--- MATERIAL PROVIDED Enclosed Below ---
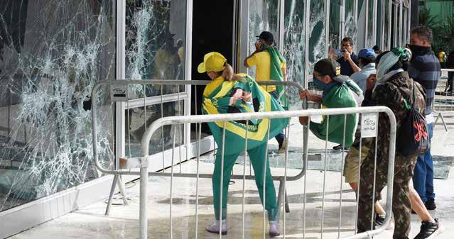 Al menos 150 seguidores del expresidente de ultraderecha brasileño Jair Bolsonaro fueron arrestados el domingo tras la invasión y saqueo de las principales sedes de los tres poderes del Estado en la capital Brasilia, según diferentes medios locales. Al caer la noche, la fuerza pública parecía retomar progresivamente el control de la situación, manteniendo a raya a manifestantes con agua lanzada desde tanquetas, aunque decenas de seguidores del expresidente seguían en las calles y la situación seguía siendo confusa. Numerosos países condenaron este domingo el asalto de simpatizantes del expresidente ultraderechista brasileño Jair Bolsonaro al Congreso, el Tribunal Supremo y el palacio presidencial, que algunos consideran un “intento de golpe de Estado” y “fascista”, y expresaron su apoyo inquebrantable al mandatario Luiz Inácio Lula da Silva.
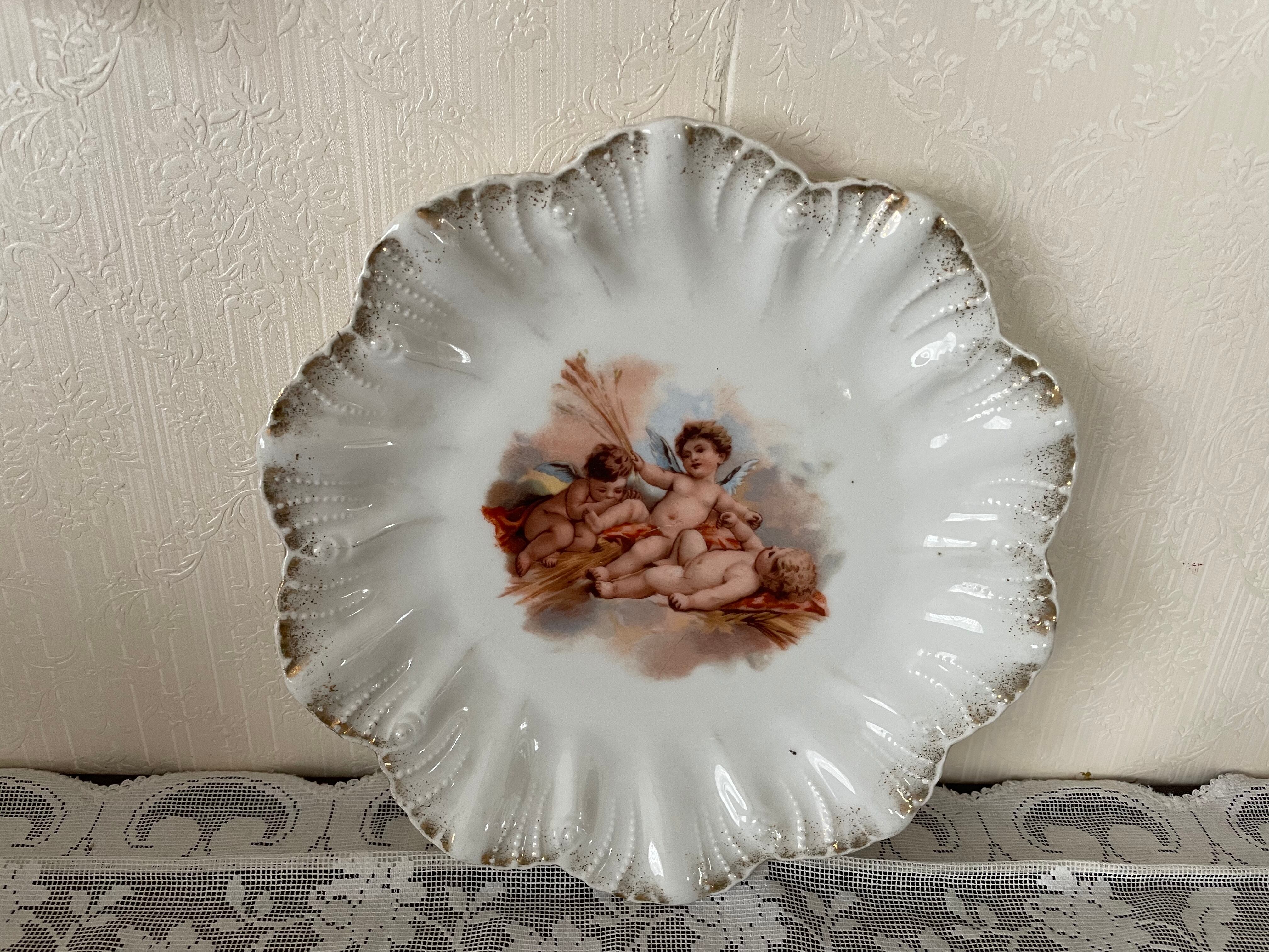 天使が可愛い、ポーセリンのプレート。
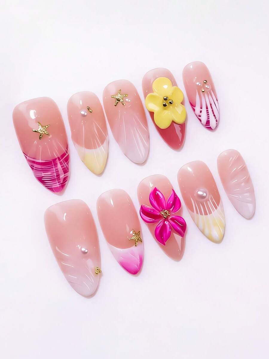 Anime 10 Stücke dreidimensional geschnitzte Muschel-Falschpanzer im Marinestil und ein Stücke doppelseitiges Klebeband
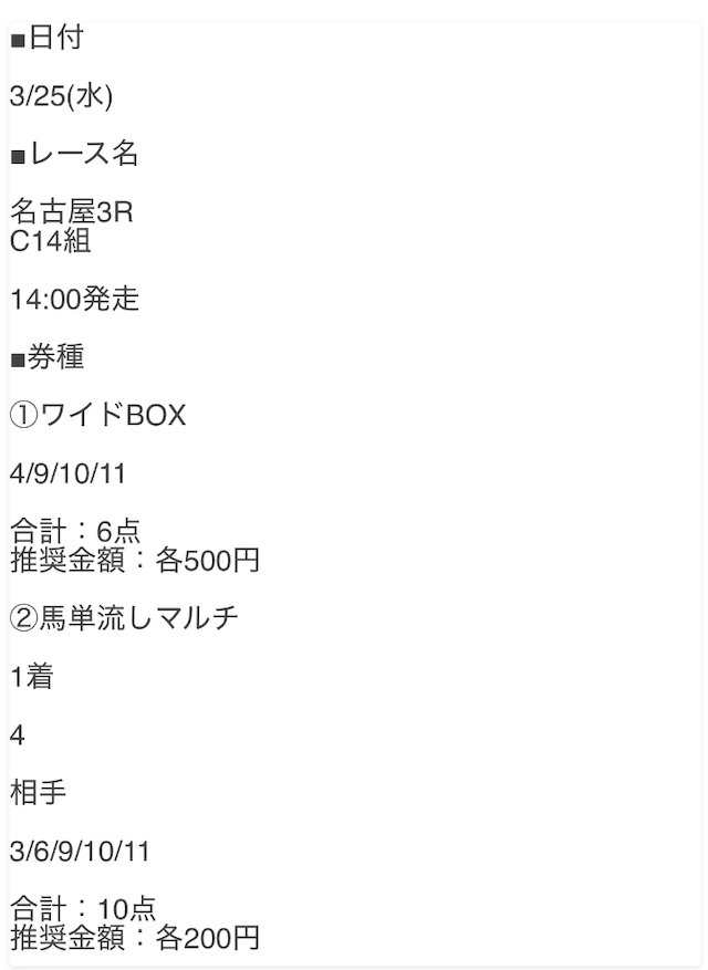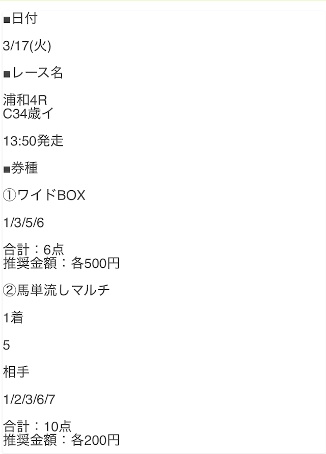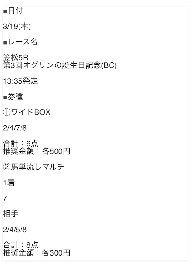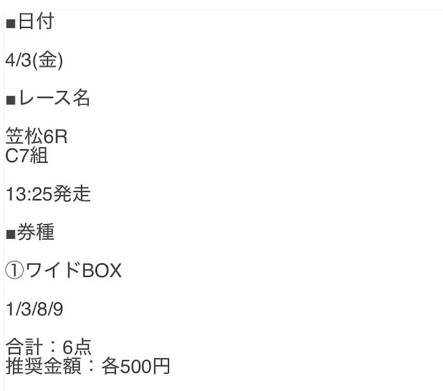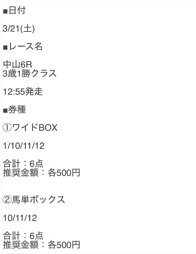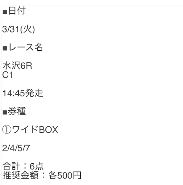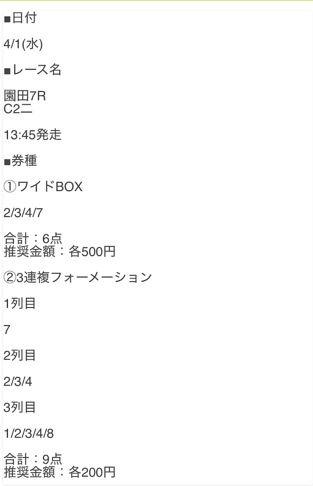 2.0名無しさん30代 男性 職業:✕ 悪い点参加したいレースの提供がなかった今回だけの可能性もあるけど、買い目の提供がなくてに参加できなかった。地方予想で軍資金集めしてたのに。
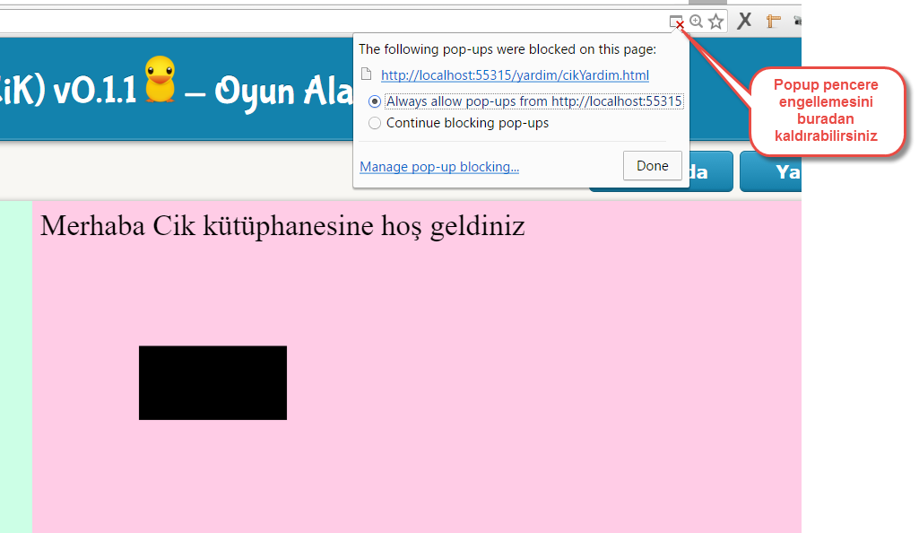 Şu an okuduğunuz yardım sayfasını açar. Bir popup pencere olduğu için browser'ınızdan popup pencere açılması iznini vermeniz gerekir. Adres çubuğunun üzerinde popup olduğunu belirten bir ifade göreceksiniz buraya tıklayarak izin verebilirsiniz.
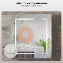 Featuring a built-in defogger, this mirrored medicine cabinet ensures your reflection stays crystal clear—even after a hot shower. The one-touch defogging system heats up quickly and automatically shuts off with the light to save energy. Its dimmable LED lighting gives you three color temperatures to choose from—warm, neutral, and cool—adjustable with a smart touch control. Whether you’re applying makeup or getting ready for bed, you can customize the brightness and tone for the perfect ambiance.
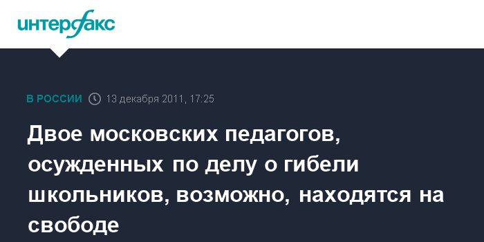 Двое московских педагогов, осужденных по делу о гибели школьников, возможно, находятся на свободе
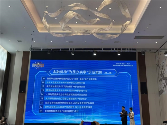 同时,我司“专属保障守护快递小哥”服务案例成功入选市局金融机构“为民办实事”示范案例,在启动仪式集中展示,成为全市金融行业服务民生、践行责任的典型示范。 活动现场,两江监管分局局长、成渝消保中心理事长莅临现场,与中国人寿集团在渝成员单位——国寿财险重庆市分公司、中国人寿重庆市分公司、广发银行及人寿养老重庆市中心等机构代表合影留念,共同见证重庆金融消保工作的重要时刻,展现了中国人寿集团在渝成员单位凝心聚力、共护金融消费者权益的责任担当。
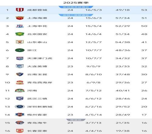 24轮过后,争冠集团逐渐拉开分差但竞争仍旧激烈,前3球队积分均突破50分,成都蓉城53分继续领跑,上港以2分之差位列次席,申花则跌到第3,北京国安排在第4。
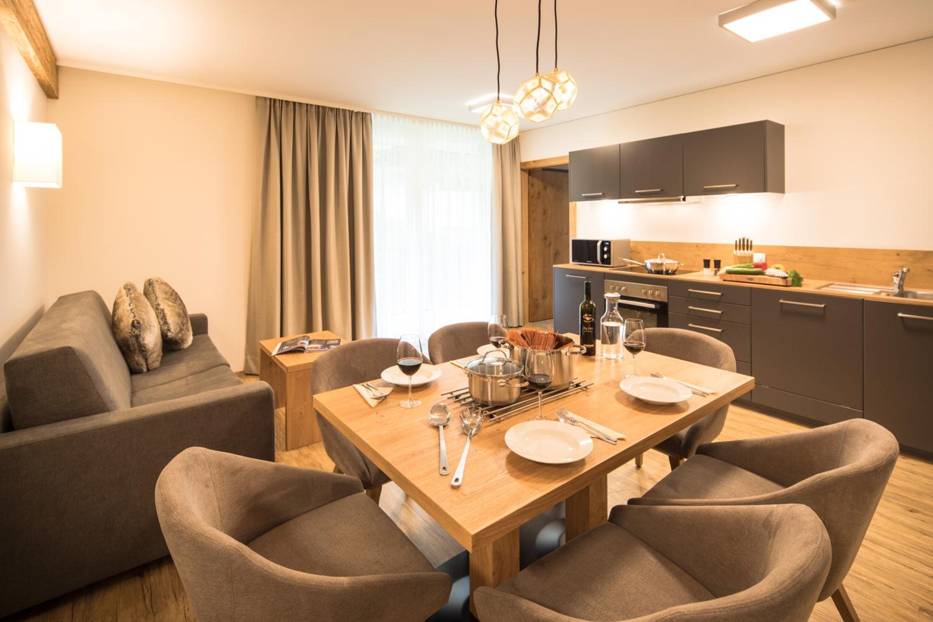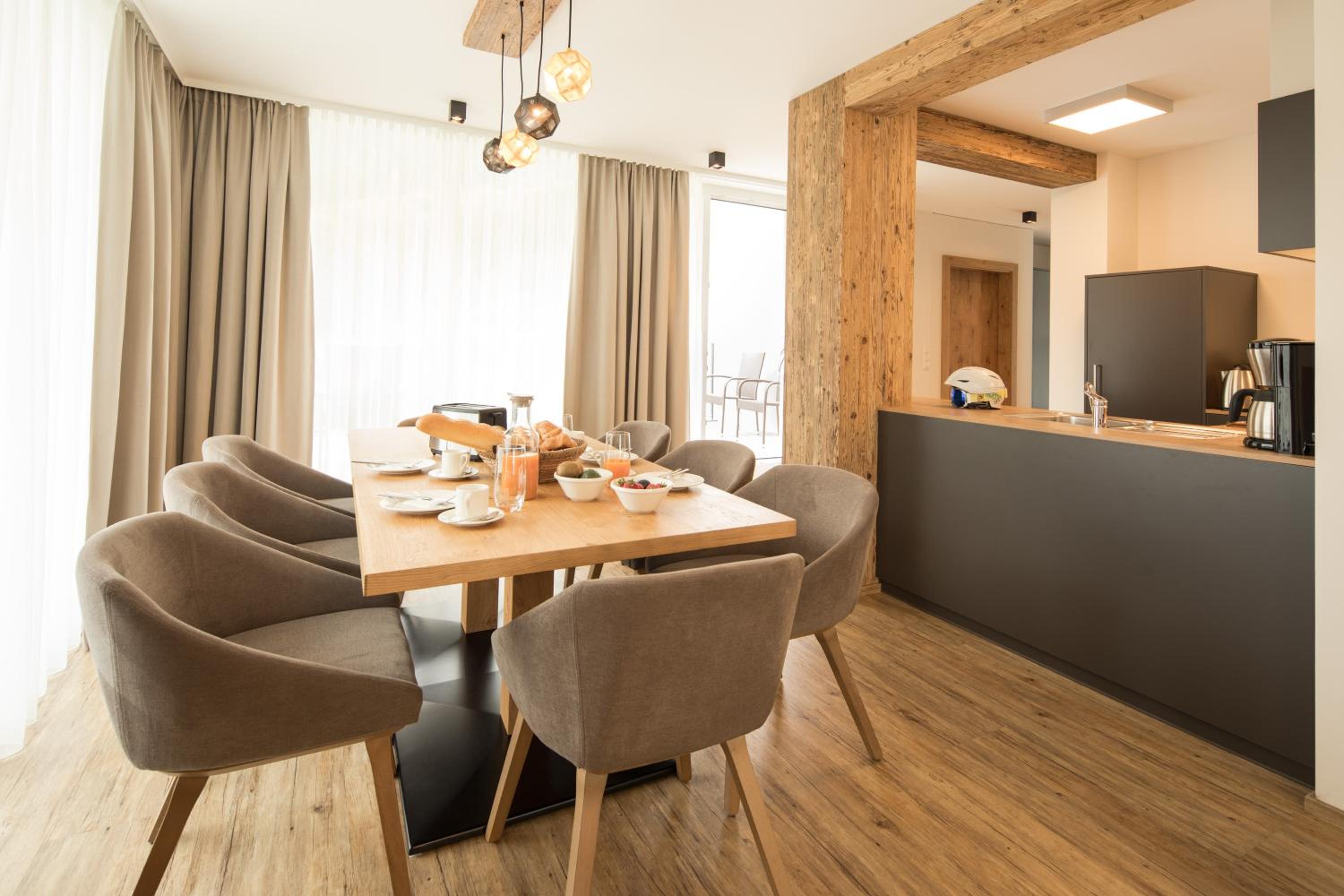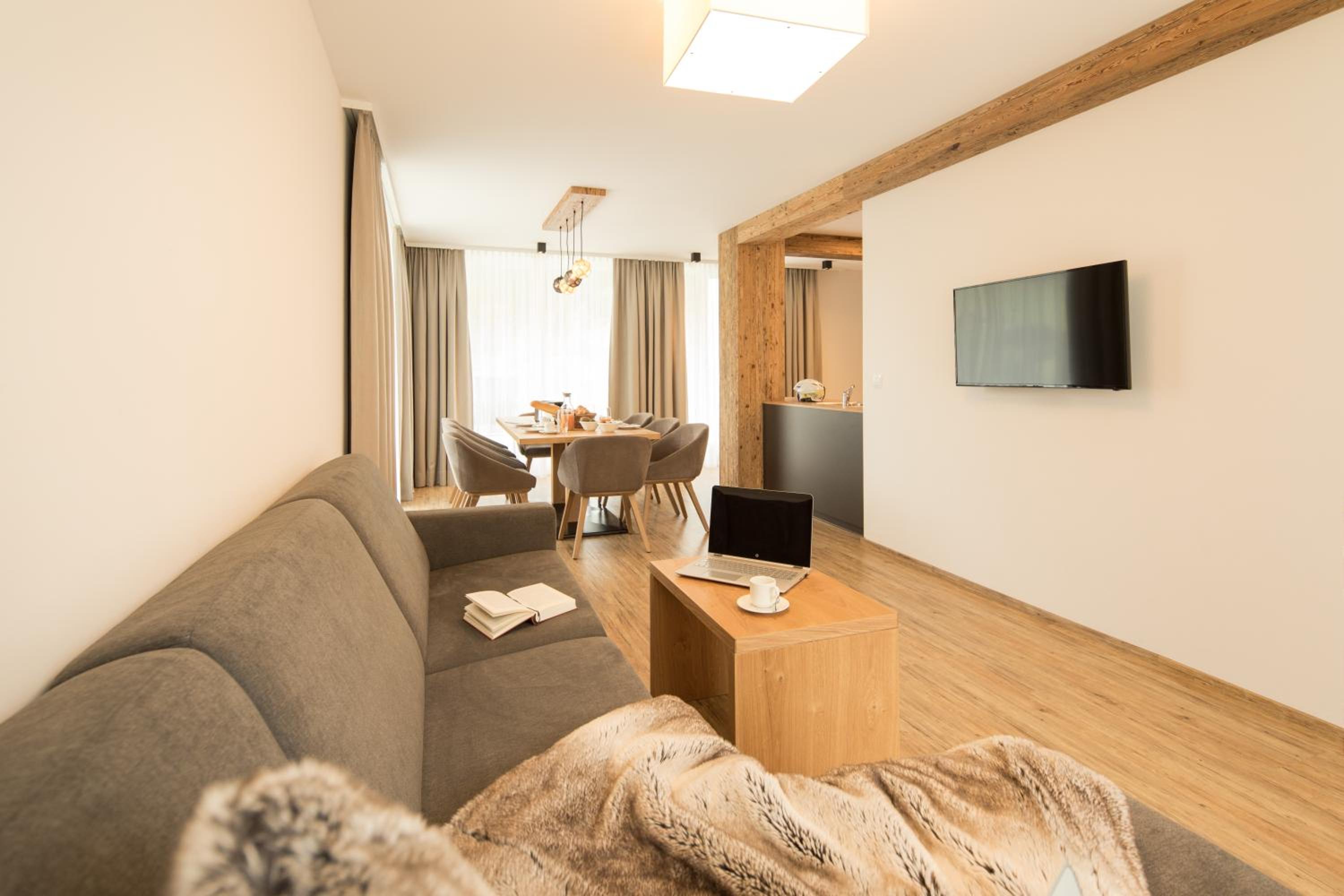 The property was really nice and modern, but with a traditional twist. The staff were really friendly and helped us get settled at the property. They were really helpful by providing lots of information about the ski resort, buses, taxis, restaurants, supermarkets etc. Ski passes can be bought from the property, which saves time and hassle at the main lift stations. The buses are every 30 mins and stop a very short walk from the hotel, approx 110 metres away. The resort has an excellent taxi service which is 20 euros into the main town, something we used to get back to the apartment after a day on the slopes.
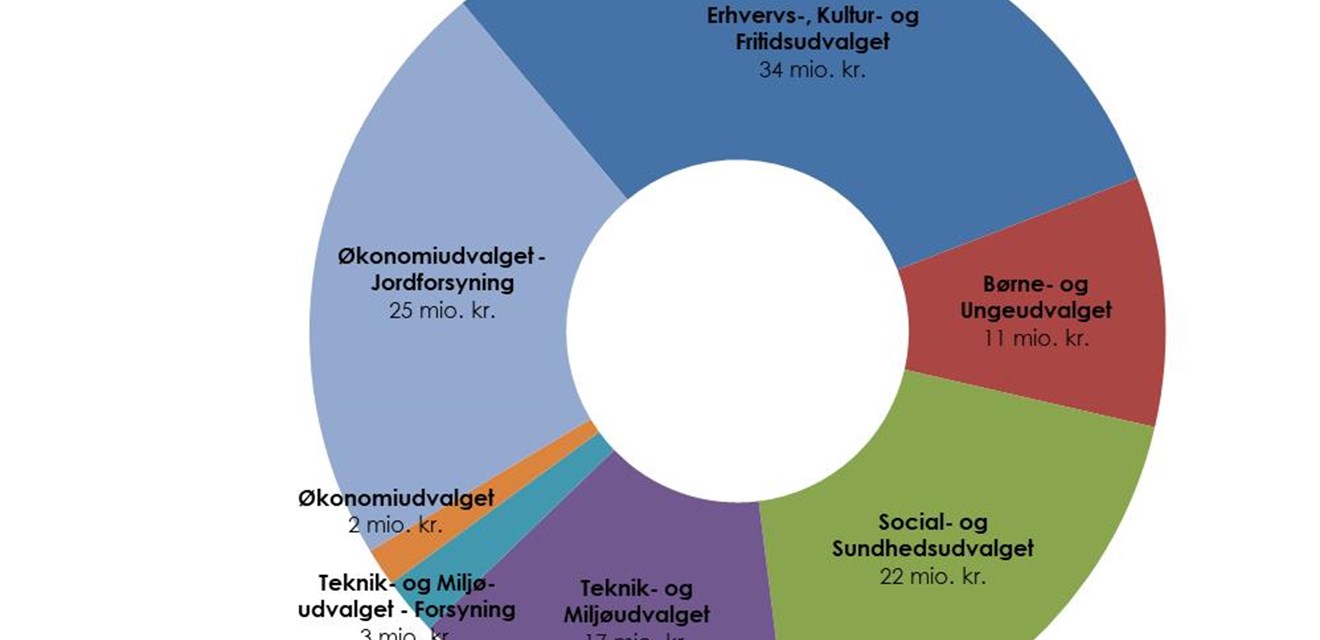 Fordeling af anlægsbudgettet på 111 millioner kroner i 2020 mellem udvalgene fremgår af nedenstående diagram.
--- End of Enclosed MATERIAL PROVIDED ---
WHAT THE TASK REQUIRES
The full listing above, duplicated exactly and without its pictures, is the answer.

SOLUTION TO THE EXERCISE
 Al menos 150 seguidores del expresidente de ultraderecha brasileño Jair Bolsonaro fueron arrestados el domingo tras la invasión y saqueo de las principales sedes de los tres poderes del Estado en la capital Brasilia, según diferentes medios locales. Al caer la noche, la fuerza pública parecía retomar progresivamente el control de la situación, manteniendo a raya a manifestantes con agua lanzada desde tanquetas, aunque decenas de seguidores del expresidente seguían en las calles y la situación seguía siendo confusa. Numerosos países condenaron este domingo el asalto de simpatizantes del expresidente ultraderechista brasileño Jair Bolsonaro al Congreso, el Tribunal Supremo y el palacio presidencial, que algunos consideran un “intento de golpe de Estado” y “fascista”, y expresaron su apoyo inquebrantable al mandatario Luiz Inácio Lula da Silva.
 天使が可愛い、ポーセリンのプレート。
 Anime 10 Stücke dreidimensional geschnitzte Muschel-Falschpanzer im Marinestil und ein Stücke doppelseitiges Klebeband
 2.0名無しさん30代 男性 職業:✕ 悪い点参加したいレースの提供がなかった今回だけの可能性もあるけど、買い目の提供がなくてに参加できなかった。地方予想で軍資金集めしてたのに。
 Şu an okuduğunuz yardım sayfasını açar. Bir popup pencere olduğu için browser'ınızdan popup pencere açılması iznini vermeniz gerekir. Adres çubuğunun üzerinde popup olduğunu belirten bir ifade göreceksiniz buraya tıklayarak izin verebilirsiniz.
 Featuring a built-in defogger, this mirrored medicine cabinet ensures your reflection stays crystal clear—even after a hot shower. The one-touch defogging system heats up quickly and automatically shuts off with the light to save energy. Its dimmable LED lighting gives you three color temperatures to choose from—warm, neutral, and cool—adjustable with a smart touch control. Whether you’re applying makeup or getting ready for bed, you can customize the brightness and tone for the perfect ambiance.
 Двое московских педагогов, осужденных по делу о гибели школьников, возможно, находятся на свободе
 同时,我司“专属保障守护快递小哥”服务案例成功入选市局金融机构“为民办实事”示范案例,在启动仪式集中展示,成为全市金融行业服务民生、践行责任的典型示范。 活动现场,两江监管分局局长、成渝消保中心理事长莅临现场,与中国人寿集团在渝成员单位——国寿财险重庆市分公司、中国人寿重庆市分公司、广发银行及人寿养老重庆市中心等机构代表合影留念,共同见证重庆金融消保工作的重要时刻,展现了中国人寿集团在渝成员单位凝心聚力、共护金融消费者权益的责任担当。
 24轮过后,争冠集团逐渐拉开分差但竞争仍旧激烈,前3球队积分均突破50分,成都蓉城53分继续领跑,上港以2分之差位列次席,申花则跌到第3,北京国安排在第4。
 The property was really nice and modern, but with a traditional twist. The staff were really friendly and helped us get settled at the property. They were really helpful by providing lots of information about the ski resort, buses, taxis, restaurants, supermarkets etc. Ski passes can be bought from the property, which saves time and hassle at the main lift stations. The buses are every 30 mins and stop a very short walk from the hotel, approx 110 metres away. The resort has an excellent taxi service which is 20 euros into the main town, something we used to get back to the apartment after a day on the slopes.
 Fordeling af anlægsbudgettet på 111 millioner kroner i 2020 mellem udvalgene fremgår af nedenstående diagram.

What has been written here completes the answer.